- _ACTIVITY_: Omit all pictures, then retype the data exactly as given.

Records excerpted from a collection

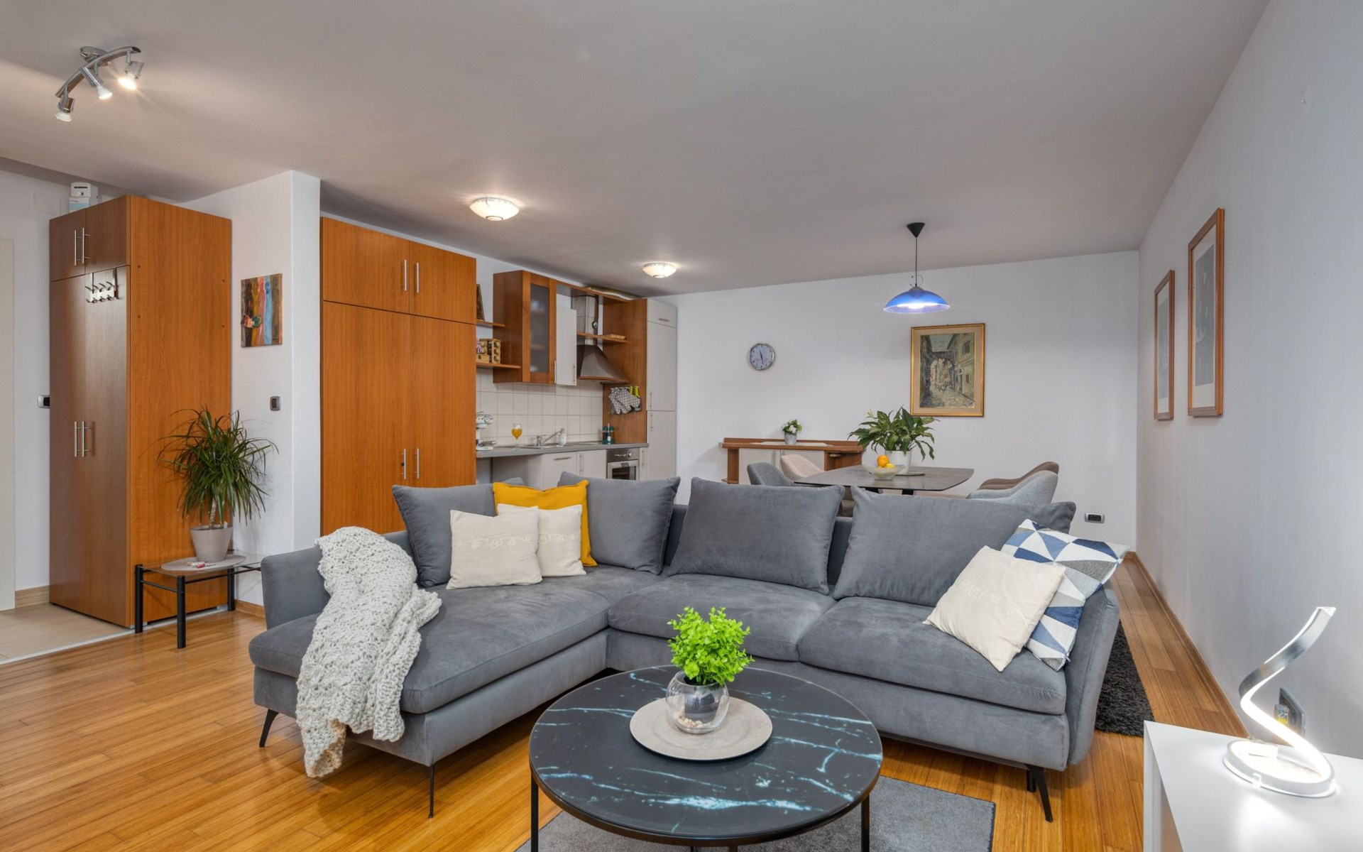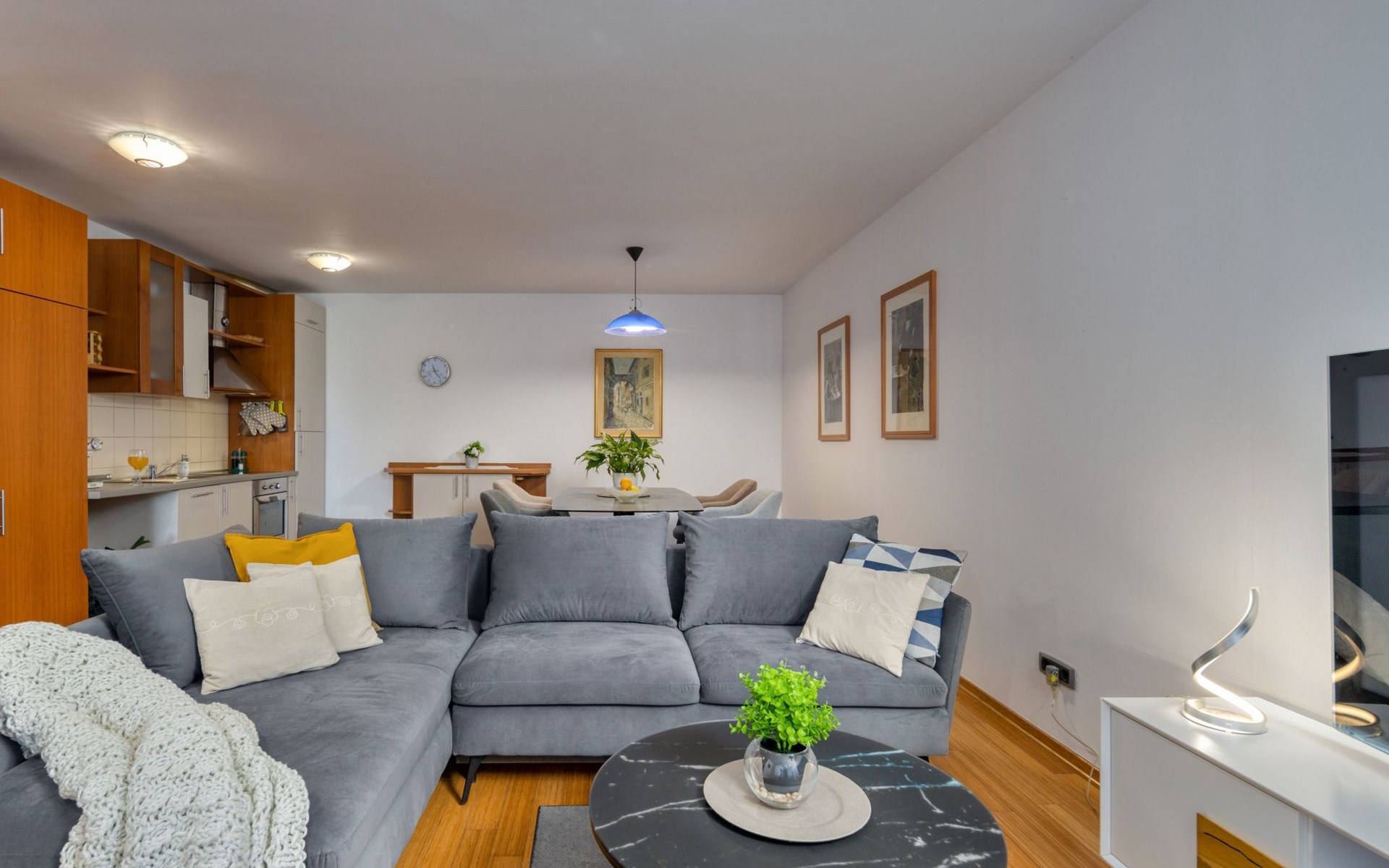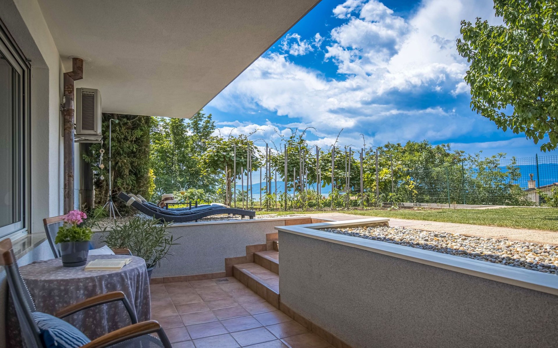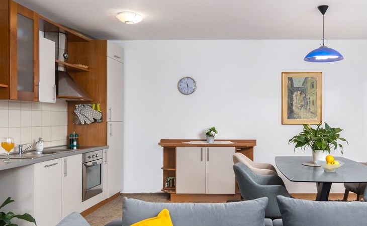 Terra Magica Deluxe Apartment Rijeka Čavle is located in the most beautiful part of Grobnik, in small village Hrastenica, with a beautiful view of the Kvarner Bay and the Opatija Riviera, near the city of Rijeka and Cavle, a place located between the sea and the mountains. Close to the Grobnik racetrack! Free Wi-Fi, air conditioning and parking space, and the possibility to enter the apartment on your own. The apartment is located in a family villa and is surrounded by a landscaped garden and fruit trees. In front of the apartment there is a terrace and a section with deck chairs for relaxation. Great location for a vacation in the silence of nature, and yet close to the city. Perfect for Digital Nomads and guests who want safety and isolation, and yet to be close to all sorts of attractions in our area (racetrack, sights, beaches, bars, restaurants, ski resorts, national parks, islands ...)Our apartment is 60 m2 located on the ground floor with a terrace of 12 m2 and is fully furnished with a full kitchen, large dining room and private bathroom. The apartment is equipped with dishwasher, washing machine/dryer, air conditioning, central heating in winter, Smart TV 55 '' with media player with a large selection of programs and content, safe ... Located near the Rijeka bypass and highway and entrepreneurial zones with different shops. Free, secured and private parking for two vehicles in front of the apartment.Whether you are staying for a short time in Rijeka or Grobnik-Čavle, on business or want to spend your vacation, we offer rental options that allow you to experience the city and its surroundings as a local resident. Suitable for couples or singles, friends, family, work or vacation. Possibility to accommodate up to four people with the possibility of an extra folding bed for one person or a child. There is also a baby cot. Here you will find peace and quiet.A few minutes from the apartment there is a bank, post office, doctor, pharmacy, shopping malls, cafes and restaurants. For sightseeing, we recommend a visit to the Risnjak National Parks and Plitvice Lakes. There are also the islands of Krk, Cres and Lošinj (20 km), Opatija (20 km), Istria and the Brijuni National Park. Although located in a quiet neighborhood, the location gives you the opportunity for a more active vacation. The nearest beaches, bars, restaurants and a diving center are only ten minutes away in Kostrena. Fans of speed can show their skills at the Grobnik racetrack, which is only 9 km away from the apartment. You can also see our area from the air with a parachute or kite at Grobnik Airport next to the race track. For winter visitors at an altitude of 1268m there is a unique ski resort Platak 20 km from the apartment. Cultural and historical sites are also nearby. You can walk along the Mlikarica road or to the castle in the town of Grobnik along the path that is only 10 minutes from the apartment or visit the Trsat castle (6 km), monuments and museums in Rijeka. The main promenade Korzo located in Rijeka, the ferry port, the boat, the bus and train station and the city market are only 7 km away.
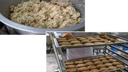 とうふハンバーグはとうふ、ツナ、たまねぎと調味料を混ぜ合わせ、1人1個ずつにまとめ、焼いています。ふんわりとやわらかく、やさしい味のハンバーグです。ケチャップをかけて食べます。
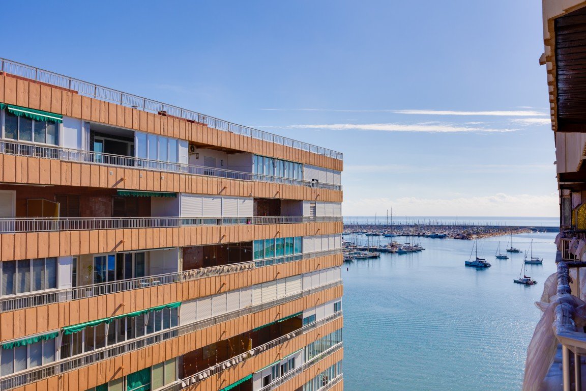 We presents at the Costa Blanca Alicante a spacious apartment in Torrevieja close to the sea! playa Acequion with 3 bedrooms, 2 badrooms, seperate kitchen and a terrace from 12m2 its on the 8 floor with elevator! and there is a comunal swimmingpool Walking distance to the center of Torrevieja and close to bars, restaurants and shops!
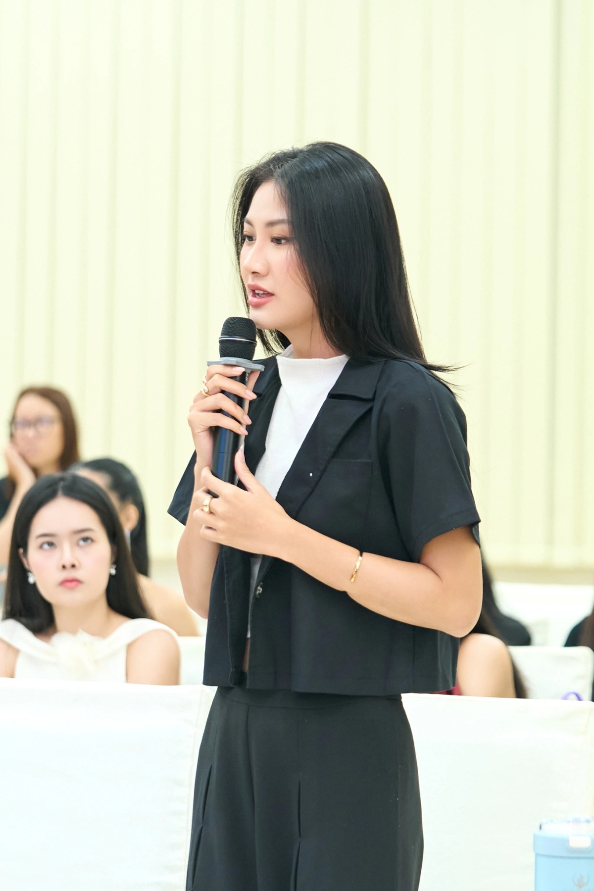 Tại cuộc thi, Phương Linh nhiều lần chọn trang phục thoải mái khi tham gia hoạt động bên lề. Cô phối crop top, áo khoác lửng tại một hoạt động của trại huấn luyện Cosmo Camp.
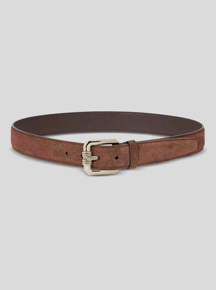 Soft suede belt embellished with the iconic Paisley print. Complete with classic adjustable prong buckle. • Height: 1.4 inches (3.5 cm) • Made in Italy PRODUCT DETAILS • Calfskin
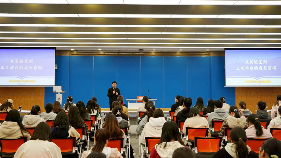 活动中,董玉玮深情回忆了本科和硕士研究生阶段的求学时光,讲述了大学生活的趣事,并从“做理论的实践者”“做创新的思想者”“做终身的学习者”三个方面,为学弟学妹们揭示了自己从实验室到三尺讲台的“成长密码”,分享了自己对“要不要就业”“要不要考博”“如何上好一节课”“为什么要终身学习”“如何解决复杂问题”等问题的认识与思考。董玉玮向学弟学妹提出三点建议,一是要自觉加强学习,勇于实践,把知识转化为能力,在知行合一中练就过硬本领;二是要增强独立思考、自主探究的意识,激发自身创新潜能,努力在学习和工作中做到人无我有、人有我优;三是要珍惜当下,牢牢把握历史机遇,深刻认识自身所肩负的时代使命,敢担当、能吃苦、肯奋斗。
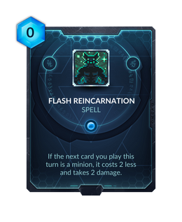 - The effect of Flash Reincarnation got reworked in patch v. 1.83. Now it doesn't stack anymore and because of the new wording the order in which to play cards got very important. The next card played after Flash Reincarnation has to be a minion or you lose Flash Reincarnation's effect!

- _PROBLEM SOLUTION_:
 Terra Magica Deluxe Apartment Rijeka Čavle is located in the most beautiful part of Grobnik, in small village Hrastenica, with a beautiful view of the Kvarner Bay and the Opatija Riviera, near the city of Rijeka and Cavle, a place located between the sea and the mountains. Close to the Grobnik racetrack! Free Wi-Fi, air conditioning and parking space, and the possibility to enter the apartment on your own. The apartment is located in a family villa and is surrounded by a landscaped garden and fruit trees. In front of the apartment there is a terrace and a section with deck chairs for relaxation. Great location for a vacation in the silence of nature, and yet close to the city. Perfect for Digital Nomads and guests who want safety and isolation, and yet to be close to all sorts of attractions in our area (racetrack, sights, beaches, bars, restaurants, ski resorts, national parks, islands ...)Our apartment is 60 m2 located on the ground floor with a terrace of 12 m2 and is fully furnished with a full kitchen, large dining room and private bathroom. The apartment is equipped with dishwasher, washing machine/dryer, air conditioning, central heating in winter, Smart TV 55 '' with media player with a large selection of programs and content, safe ... Located near the Rijeka bypass and highway and entrepreneurial zones with different shops. Free, secured and private parking for two vehicles in front of the apartment.Whether you are staying for a short time in Rijeka or Grobnik-Čavle, on business or want to spend your vacation, we offer rental options that allow you to experience the city and its surroundings as a local resident. Suitable for couples or singles, friends, family, work or vacation. Possibility to accommodate up to four people with the possibility of an extra folding bed for one person or a child. There is also a baby cot. Here you will find peace and quiet.A few minutes from the apartment there is a bank, post office, doctor, pharmacy, shopping malls, cafes and restaurants. For sightseeing, we recommend a visit to the Risnjak National Parks and Plitvice Lakes. There are also the islands of Krk, Cres and Lošinj (20 km), Opatija (20 km), Istria and the Brijuni National Park. Although located in a quiet neighborhood, the location gives you the opportunity for a more active vacation. The nearest beaches, bars, restaurants and a diving center are only ten minutes away in Kostrena. Fans of speed can show their skills at the Grobnik racetrack, which is only 9 km away from the apartment. You can also see our area from the air with a parachute or kite at Grobnik Airport next to the race track. For winter visitors at an altitude of 1268m there is a unique ski resort Platak 20 km from the apartment. Cultural and historical sites are also nearby. You can walk along the Mlikarica road or to the castle in the town of Grobnik along the path that is only 10 minutes from the apartment or visit the Trsat castle (6 km), monuments and museums in Rijeka. The main promenade Korzo located in Rijeka, the ferry port, the boat, the bus and train station and the city market are only 7 km away.
 とうふハンバーグはとうふ、ツナ、たまねぎと調味料を混ぜ合わせ、1人1個ずつにまとめ、焼いています。ふんわりとやわらかく、やさしい味のハンバーグです。ケチャップをかけて食べます。
 We presents at the Costa Blanca Alicante a spacious apartment in Torrevieja close to the sea! playa Acequion with 3 bedrooms, 2 badrooms, seperate kitchen and a terrace from 12m2 its on the 8 floor with elevator! and there is a comunal swimmingpool Walking distance to the center of Torrevieja and close to bars, restaurants and shops!
 Tại cuộc thi, Phương Linh nhiều lần chọn trang phục thoải mái khi tham gia hoạt động bên lề. Cô phối crop top, áo khoác lửng tại một hoạt động của trại huấn luyện Cosmo Camp.
 Soft suede belt embellished with the iconic Paisley print. Complete with classic adjustable prong buckle. • Height: 1.4 inches (3.5 cm) • Made in Italy PRODUCT DETAILS • Calfskin
 活动中,董玉玮深情回忆了本科和硕士研究生阶段的求学时光,讲述了大学生活的趣事,并从“做理论的实践者”“做创新的思想者”“做终身的学习者”三个方面,为学弟学妹们揭示了自己从实验室到三尺讲台的“成长密码”,分享了自己对“要不要就业”“要不要考博”“如何上好一节课”“为什么要终身学习”“如何解决复杂问题”等问题的认识与思考。董玉玮向学弟学妹提出三点建议,一是要自觉加强学习,勇于实践,把知识转化为能力,在知行合一中练就过硬本领;二是要增强独立思考、自主探究的意识,激发自身创新潜能,努力在学习和工作中做到人无我有、人有我优;三是要珍惜当下,牢牢把握历史机遇,深刻认识自身所肩负的时代使命,敢担当、能吃苦、肯奋斗。
 - The effect of Flash Reincarnation got reworked in patch v. 1.83. Now it doesn't stack anymore and because of the new wording the order in which to play cards got very important. The next card played after Flash Reincarnation has to be a minion or you lose Flash Reincarnation's effect!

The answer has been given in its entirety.